Work item: An exact copy of the data below is needed; please leave out any pictures.

Data section:
---+---

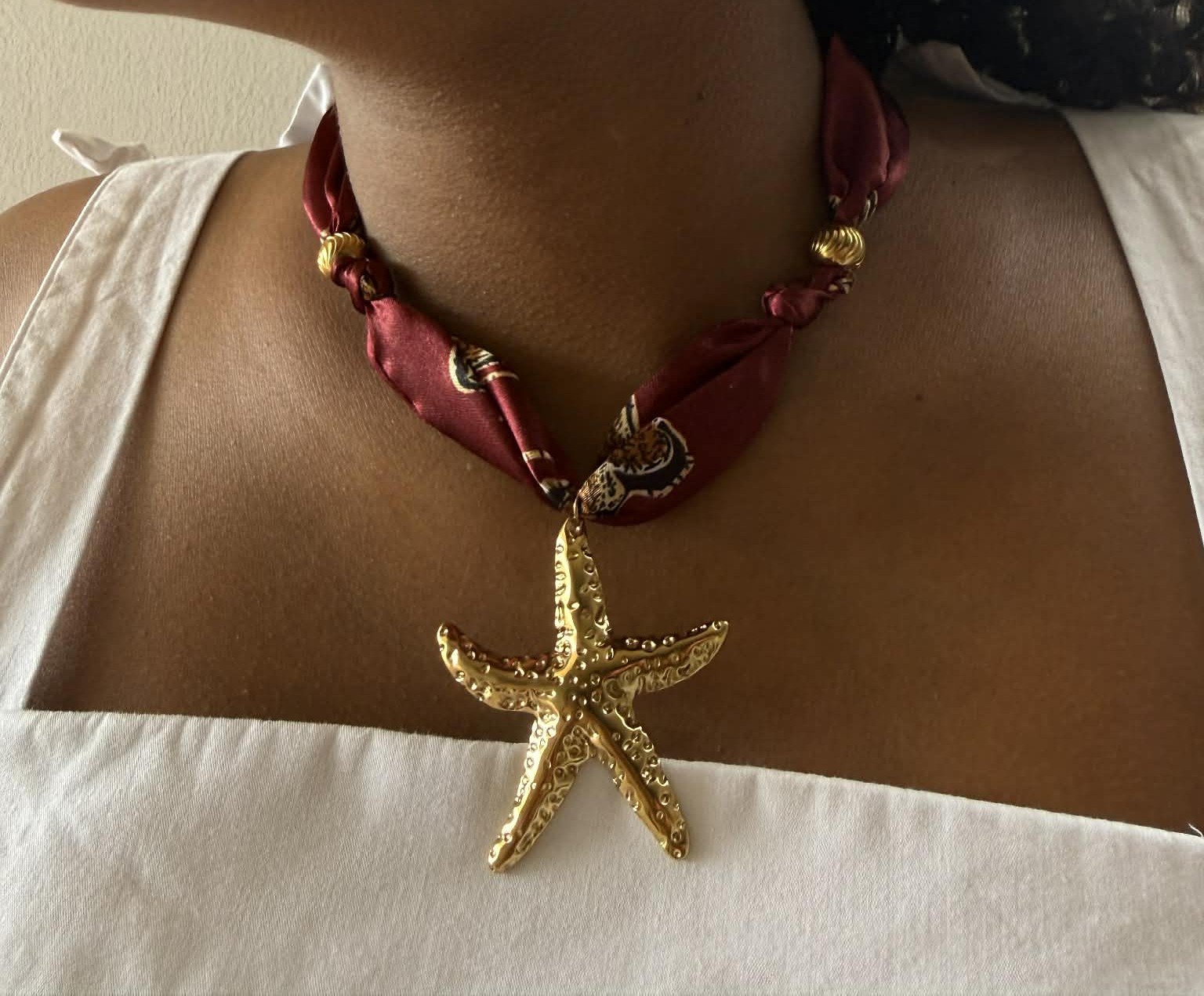Modèle Étoile : Une étoile de mer dorée, imposante et texturée, parfaite pour un look solaire et estival.
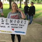 “I think family and friends should be there to see us walk across the stage during graduation. We worked hard for this,” said Kyle Silk, a senior from Ligonier, as he stood outside the administration building holding a sign protesting the graduation.
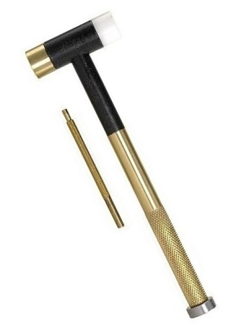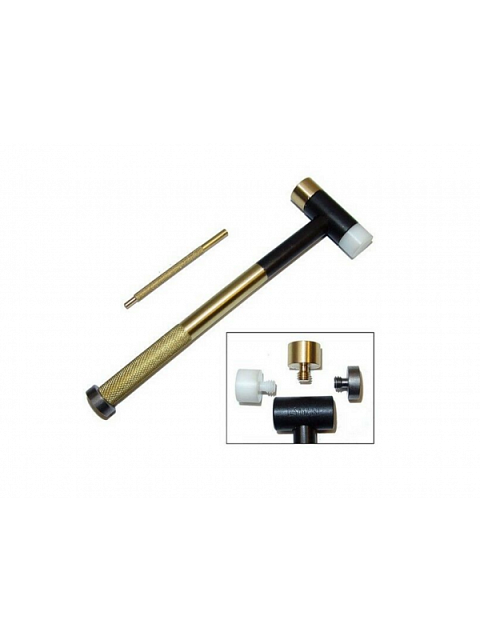 Для оружейного дела и других деликатных работ этот молоток имеет три сменные головки, включая нейлон, латунь и сталь. Для деликатного постукивания внутри ручки имеется латунный выколотый штифт с накаткой.

---+---

Your solution:
Modèle Étoile : Une étoile de mer dorée, imposante et texturée, parfaite pour un look solaire et estival.
 “I think family and friends should be there to see us walk across the stage during graduation. We worked hard for this,” said Kyle Silk, a senior from Ligonier, as he stood outside the administration building holding a sign protesting the graduation.
 Для оружейного дела и других деликатных работ этот молоток имеет три сменные головки, включая нейлон, латунь и сталь. Для деликатного постукивания внутри ручки имеется латунный выколотый штифт с накаткой.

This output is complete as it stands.